TASK OBJECTIVE
Please output exactly the part of the records below that opens with the line containing "Slip into timeless" and closes with the line containing "Join Suzanne Uttaro", both lines included, and nothing else.

[[ DATA SUPPLIED open ]]

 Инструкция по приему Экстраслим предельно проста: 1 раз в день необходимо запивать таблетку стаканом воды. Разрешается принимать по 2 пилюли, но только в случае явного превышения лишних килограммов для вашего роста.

[[ DATA SUPPLIED closed ]]
[[ DATA SUPPLIED open ]]

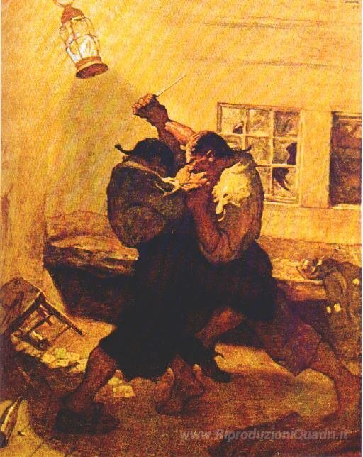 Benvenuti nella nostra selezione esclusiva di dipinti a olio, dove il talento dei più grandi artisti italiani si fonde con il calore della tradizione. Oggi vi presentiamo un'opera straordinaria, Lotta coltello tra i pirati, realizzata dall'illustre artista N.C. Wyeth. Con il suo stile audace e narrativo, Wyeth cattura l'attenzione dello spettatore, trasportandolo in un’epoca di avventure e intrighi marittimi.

[[ DATA SUPPLIED closed ]]
[[ DATA SUPPLIED open ]]

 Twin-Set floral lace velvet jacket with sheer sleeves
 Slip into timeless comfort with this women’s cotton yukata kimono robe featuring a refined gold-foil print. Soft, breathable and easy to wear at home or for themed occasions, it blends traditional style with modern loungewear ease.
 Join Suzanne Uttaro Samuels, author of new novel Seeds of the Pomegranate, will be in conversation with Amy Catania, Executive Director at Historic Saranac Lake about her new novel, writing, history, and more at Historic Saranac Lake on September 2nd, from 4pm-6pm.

[[ DATA SUPPLIED closed ]]

WRITTEN RESPONSE
 Slip into timeless comfort with this women’s cotton yukata kimono robe featuring a refined gold-foil print. Soft, breathable and easy to wear at home or for themed occasions, it blends traditional style with modern loungewear ease.
 Join Suzanne Uttaro Samuels, author of new novel Seeds of the Pomegranate, will be in conversation with Amy Catania, Executive Director at Historic Saranac Lake about her new novel, writing, history, and more at Historic Saranac Lake on September 2nd, from 4pm-6pm.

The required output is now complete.